Добавить в цитаты Настройки чтения

Страница 15 из 25

– А чего ты добьешься, перетаскивая койку?..

– Соловьев уже гонял меня по тайге, потом звал к себе договориться, потом показал отчаянную храбрость, заявившись на съезд. Он надеется, что у меня тоже начнут трястись руки. Когда же он поймет, что я не из робких, думаю, он попытается меня убрать. И тут я сам иду ему навстречу. Застрелить меня днем сложно – возле штаба все время люди. А вечером – только часовой. Вот я и ставлю ему мишень. В кабинете у меня бывает народ. Где стоит койка, Соловьев и его начальник разведки Астанаев уже знают. Поглядим, кто прав – ты или я.

– Нужно просто на ночь закрывать ставни.

– Если мы начнем закрывать ставни, Соловьев догадается, что мы боимся ночного выстрела.

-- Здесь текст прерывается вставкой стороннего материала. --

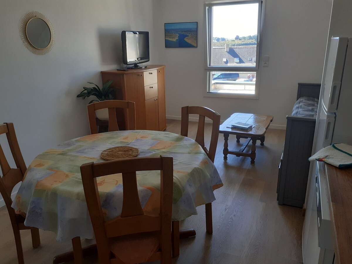Très lumineux, situé à l'étage d'un pavillon neuf ce logement tout équipé et climatisé avec une belle vue sur la Ria d'Etel,comprenant une cuisine séjour de 20 m² avec un canapé lit confortable ,une chambre individuelle de 12 m² avec salle de bains 8 m² attenante ,TV dans le séjour et la chambre ,prises internet, activités Plongées sous marine ,plage,sentiers côtiers,pêche,ballade en bateau,à 100 m du port Niscop son bar et le restaurant Sous le Pont,la grande plage de kerhillio 8 km, ST Cado

И придумает что-нибудь посерьезнее, чем подослать охотника с винчестером.

– Усложняешь ты все, Аркаша.

– Очень жить хочется, Цыганок.

– Вот же Касьянова он убивать не стал.

– Не было нужды. Касьянов и так хватался за наган при каждом шорохе.

…Неделю спустя глубокой ночью возле штаба ударили два гулких выстрела. Хотя ставни в кабинете Голикова были закрыты (об этом распорядился Никитин), две тяжелые пули, пробив ставни и стекло, вошли в стенку в том самом месте, где койка стояла днем.

Стрелка не нашли. Только утром, когда рассвело, за соседским забором обнаружили берданку с раздувшимися стволами. В патроны был заложен по меньшей мере двойной заряд пороха.

Расстроенный Пашка, ведя расследование, был озабочен тем, что пули не застряли в ставнях и глубоко вошли в деревянную перегородку. Он их выковырял финским ножом. Это оказались два никелированных шарика, отвинченных от железной кровати. Их зарядили в ружье вместо жаканов.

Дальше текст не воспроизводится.